• **MATERIAL TO PROCESS**
▼▼▼

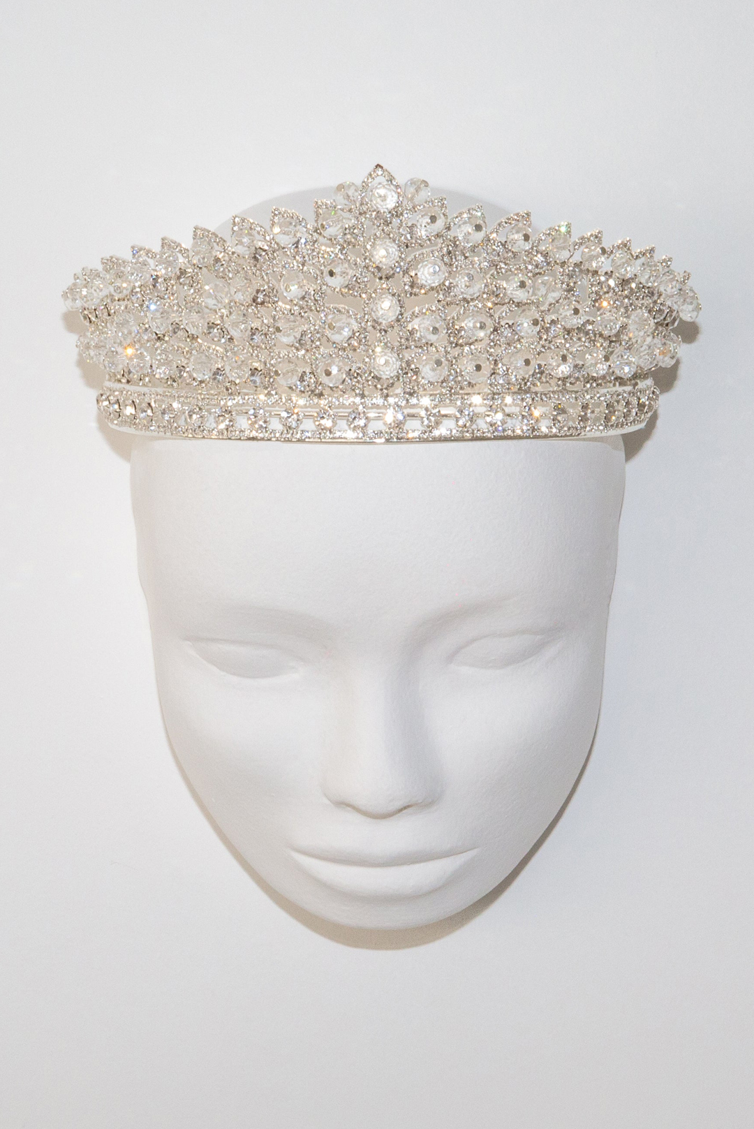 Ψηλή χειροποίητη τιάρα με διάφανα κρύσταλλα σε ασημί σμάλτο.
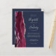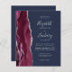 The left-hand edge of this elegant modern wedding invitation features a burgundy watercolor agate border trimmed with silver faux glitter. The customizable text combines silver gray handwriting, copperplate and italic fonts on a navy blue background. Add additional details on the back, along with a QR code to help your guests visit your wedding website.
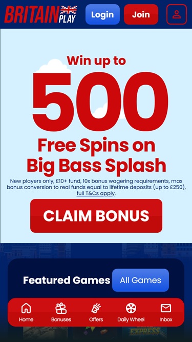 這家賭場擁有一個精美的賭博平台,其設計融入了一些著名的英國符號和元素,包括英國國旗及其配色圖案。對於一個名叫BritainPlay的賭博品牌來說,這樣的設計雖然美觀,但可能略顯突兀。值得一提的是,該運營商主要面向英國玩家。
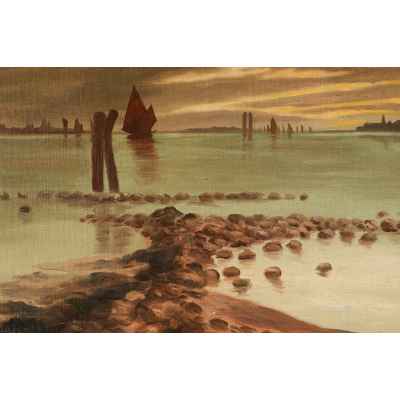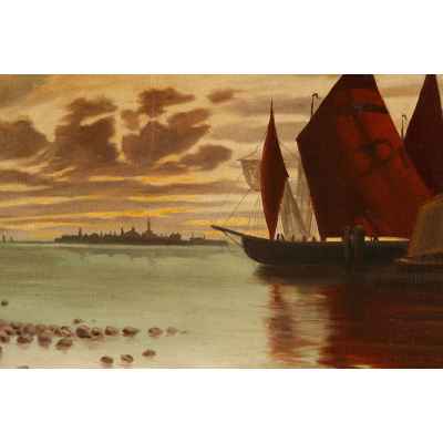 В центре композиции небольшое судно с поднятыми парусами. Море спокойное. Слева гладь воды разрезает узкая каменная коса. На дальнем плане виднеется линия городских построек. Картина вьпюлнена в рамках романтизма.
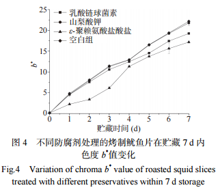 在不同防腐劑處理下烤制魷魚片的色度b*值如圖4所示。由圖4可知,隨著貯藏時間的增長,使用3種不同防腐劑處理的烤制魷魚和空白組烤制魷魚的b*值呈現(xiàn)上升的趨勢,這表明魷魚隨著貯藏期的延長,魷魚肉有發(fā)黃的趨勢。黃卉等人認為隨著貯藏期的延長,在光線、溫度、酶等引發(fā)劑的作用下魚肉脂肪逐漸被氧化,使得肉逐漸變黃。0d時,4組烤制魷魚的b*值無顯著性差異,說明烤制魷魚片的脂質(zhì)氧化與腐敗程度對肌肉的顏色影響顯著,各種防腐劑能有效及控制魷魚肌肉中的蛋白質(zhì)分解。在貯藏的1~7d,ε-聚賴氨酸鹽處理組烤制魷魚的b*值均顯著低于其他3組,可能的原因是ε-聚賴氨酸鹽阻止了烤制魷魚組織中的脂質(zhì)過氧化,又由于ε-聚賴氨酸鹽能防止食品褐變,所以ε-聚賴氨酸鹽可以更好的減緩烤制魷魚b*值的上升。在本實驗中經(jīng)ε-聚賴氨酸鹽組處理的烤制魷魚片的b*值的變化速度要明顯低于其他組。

▲▲▲
▼▼▼

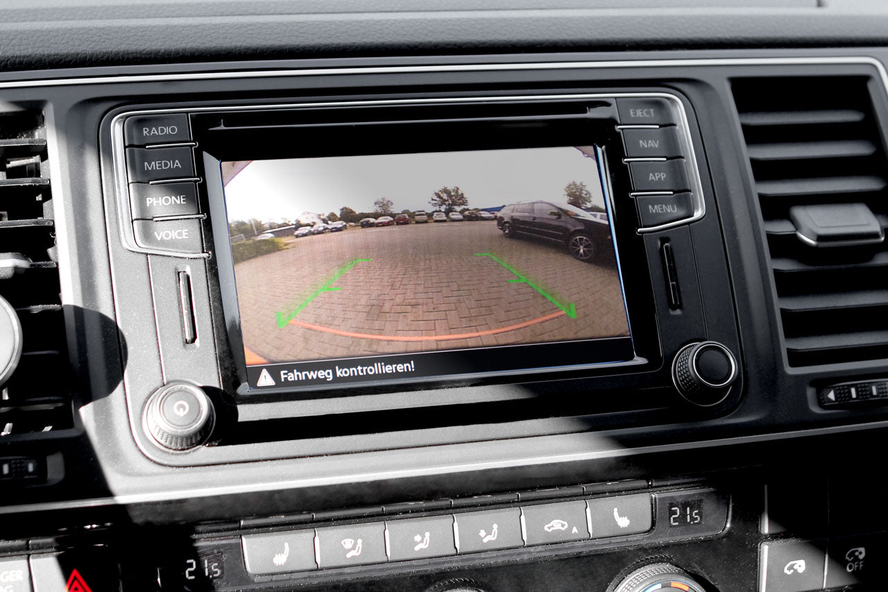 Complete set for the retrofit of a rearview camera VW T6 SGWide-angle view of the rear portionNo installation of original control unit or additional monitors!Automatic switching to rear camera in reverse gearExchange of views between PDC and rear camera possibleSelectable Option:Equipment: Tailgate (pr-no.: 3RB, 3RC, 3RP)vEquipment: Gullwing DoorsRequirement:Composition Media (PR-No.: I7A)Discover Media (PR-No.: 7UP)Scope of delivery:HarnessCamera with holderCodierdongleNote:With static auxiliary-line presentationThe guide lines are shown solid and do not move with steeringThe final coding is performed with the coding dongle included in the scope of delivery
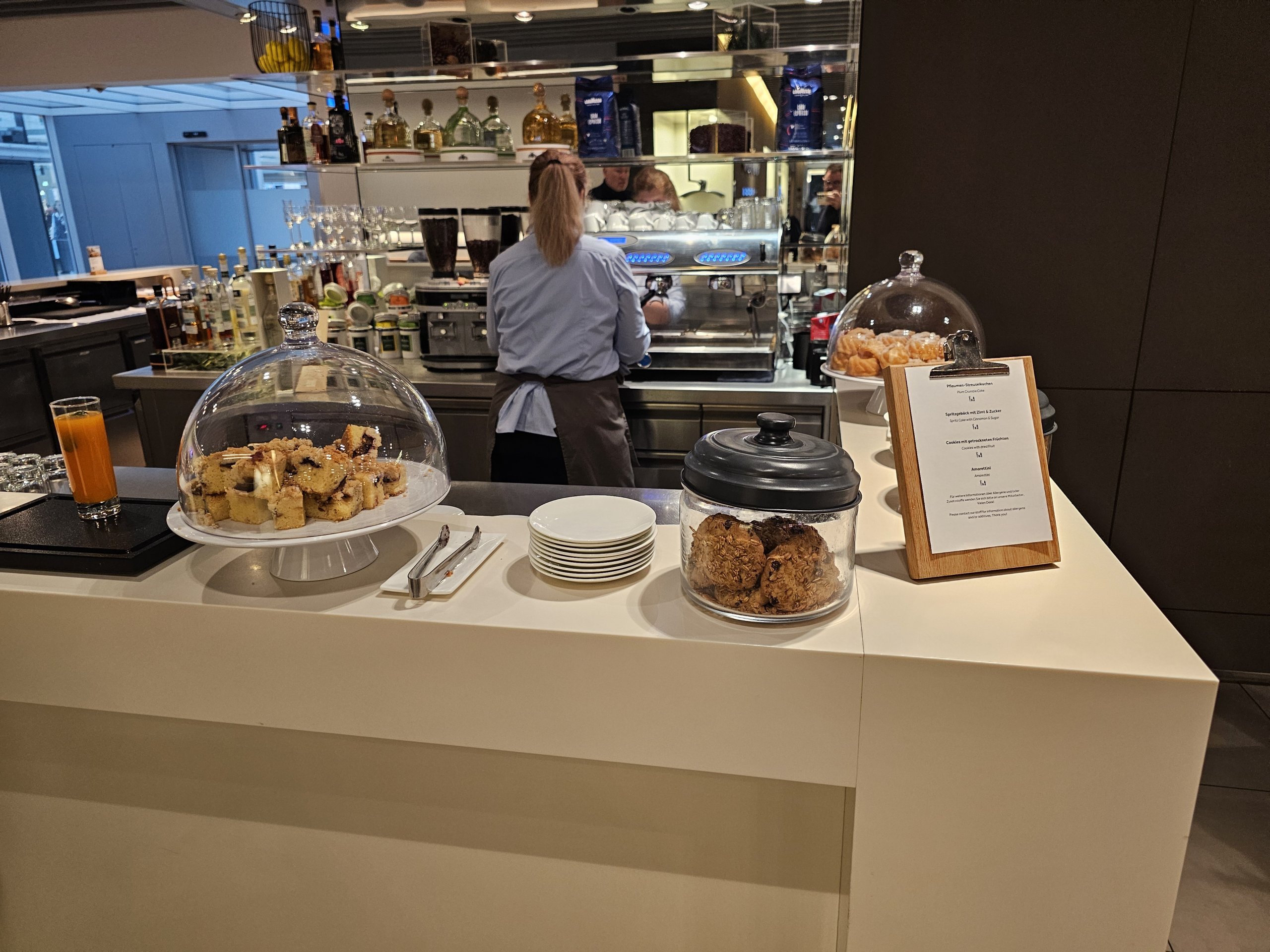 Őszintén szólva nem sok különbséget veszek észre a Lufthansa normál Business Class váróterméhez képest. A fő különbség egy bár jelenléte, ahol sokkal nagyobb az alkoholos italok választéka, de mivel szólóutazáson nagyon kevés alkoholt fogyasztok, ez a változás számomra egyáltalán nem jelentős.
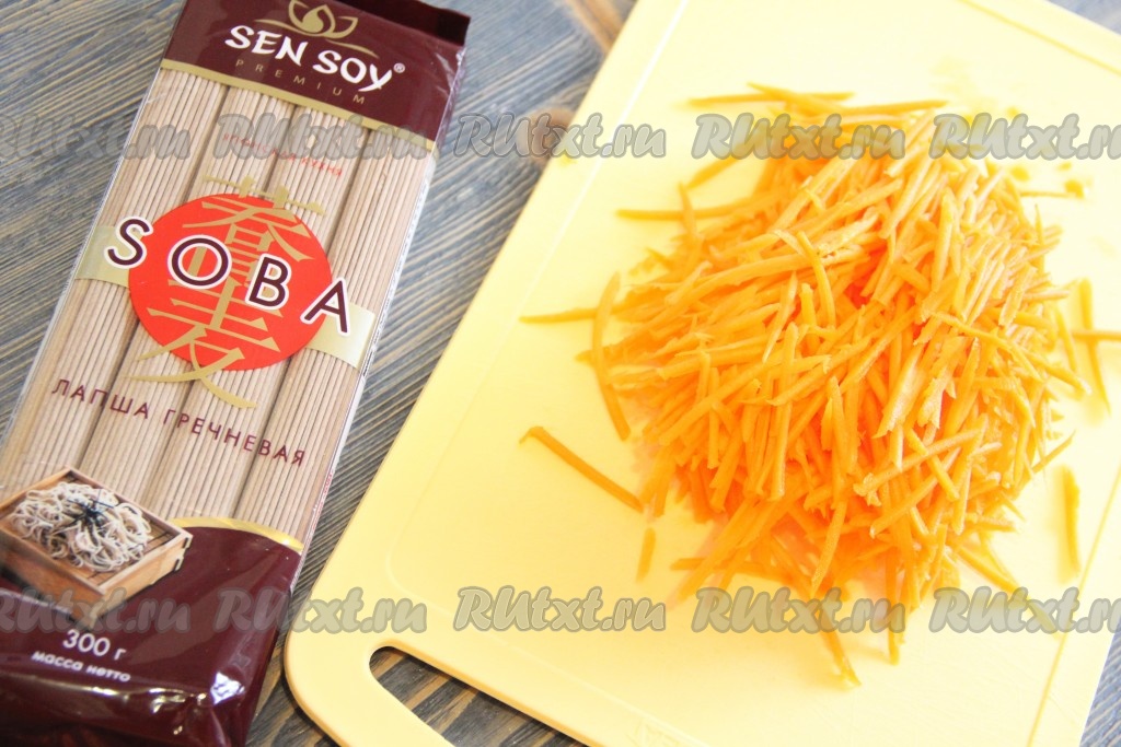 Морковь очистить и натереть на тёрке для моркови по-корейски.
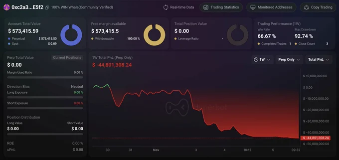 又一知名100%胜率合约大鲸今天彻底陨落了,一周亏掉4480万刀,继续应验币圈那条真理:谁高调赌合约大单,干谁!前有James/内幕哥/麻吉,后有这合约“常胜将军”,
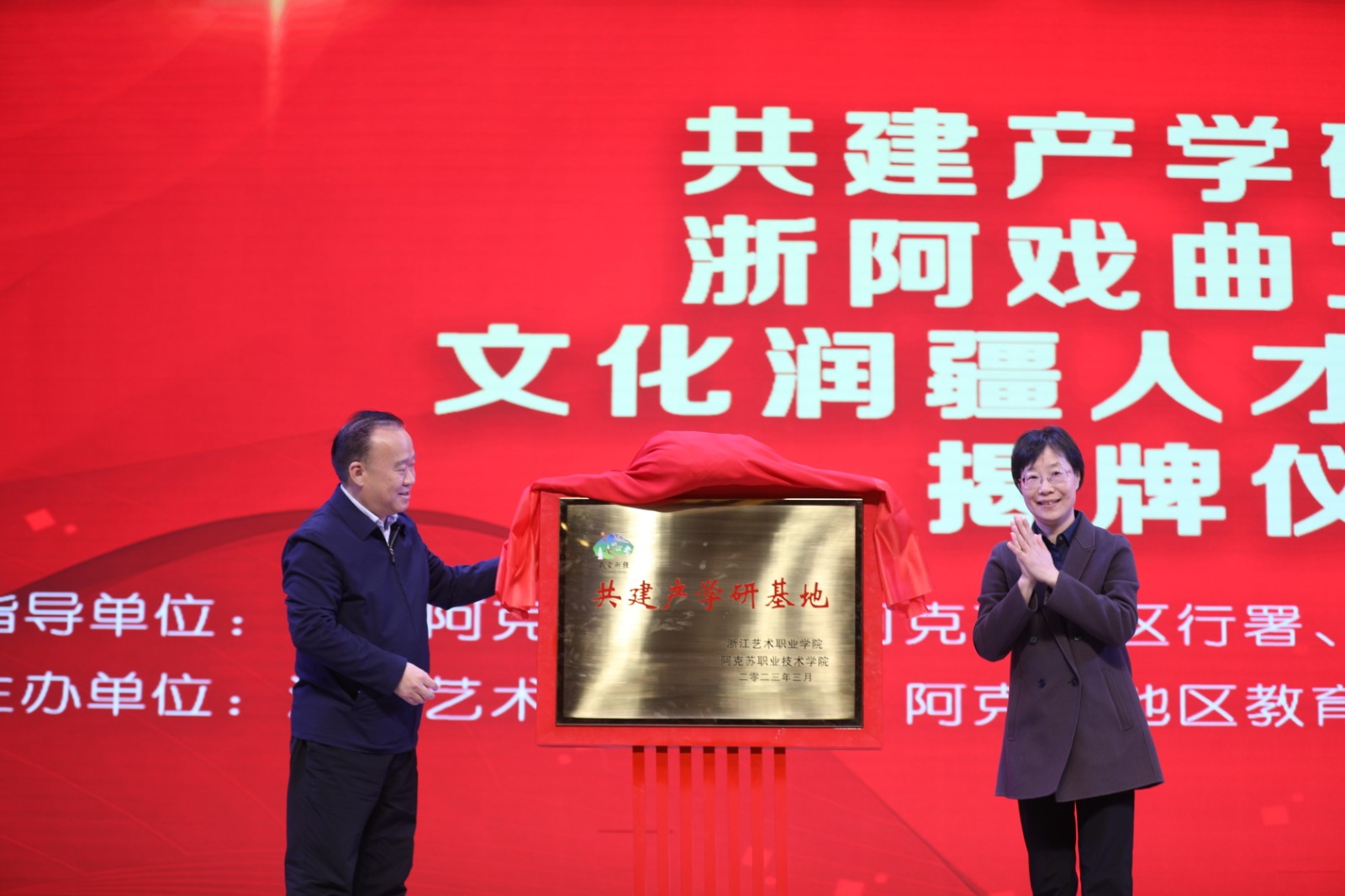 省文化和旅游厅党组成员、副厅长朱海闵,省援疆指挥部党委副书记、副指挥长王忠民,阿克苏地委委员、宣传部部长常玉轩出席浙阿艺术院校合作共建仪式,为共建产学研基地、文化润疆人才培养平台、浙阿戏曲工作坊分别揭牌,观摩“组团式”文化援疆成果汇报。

▲▲▲
▼▼▼

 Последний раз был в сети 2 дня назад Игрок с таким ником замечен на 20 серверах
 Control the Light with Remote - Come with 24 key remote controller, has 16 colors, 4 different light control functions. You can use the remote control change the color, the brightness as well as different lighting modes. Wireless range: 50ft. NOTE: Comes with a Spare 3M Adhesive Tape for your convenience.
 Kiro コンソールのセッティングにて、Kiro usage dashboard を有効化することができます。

▲▲▲

• **TASK REQUIREMENTS**
Using the records above, return verbatim only the part that opens with the line containing "這家賭場擁有一個精美的賭博平" and closes with the line containing "在不同防腐劑處理下烤制魷魚片"; pictures stay out.

• **EXERCISE RESULT**
 這家賭場擁有一個精美的賭博平台,其設計融入了一些著名的英國符號和元素,包括英國國旗及其配色圖案。對於一個名叫BritainPlay的賭博品牌來說,這樣的設計雖然美觀,但可能略顯突兀。值得一提的是,該運營商主要面向英國玩家。
 В центре композиции небольшое судно с поднятыми парусами. Море спокойное. Слева гладь воды разрезает узкая каменная коса. На дальнем плане виднеется линия городских построек. Картина вьпюлнена в рамках романтизма.
 在不同防腐劑處理下烤制魷魚片的色度b*值如圖4所示。由圖4可知,隨著貯藏時間的增長,使用3種不同防腐劑處理的烤制魷魚和空白組烤制魷魚的b*值呈現(xiàn)上升的趨勢,這表明魷魚隨著貯藏期的延長,魷魚肉有發(fā)黃的趨勢。黃卉等人認為隨著貯藏期的延長,在光線、溫度、酶等引發(fā)劑的作用下魚肉脂肪逐漸被氧化,使得肉逐漸變黃。0d時,4組烤制魷魚的b*值無顯著性差異,說明烤制魷魚片的脂質(zhì)氧化與腐敗程度對肌肉的顏色影響顯著,各種防腐劑能有效及控制魷魚肌肉中的蛋白質(zhì)分解。在貯藏的1~7d,ε-聚賴氨酸鹽處理組烤制魷魚的b*值均顯著低于其他3組,可能的原因是ε-聚賴氨酸鹽阻止了烤制魷魚組織中的脂質(zhì)過氧化,又由于ε-聚賴氨酸鹽能防止食品褐變,所以ε-聚賴氨酸鹽可以更好的減緩烤制魷魚b*值的上升。在本實驗中經(jīng)ε-聚賴氨酸鹽組處理的烤制魷魚片的b*值的變化速度要明顯低于其他組。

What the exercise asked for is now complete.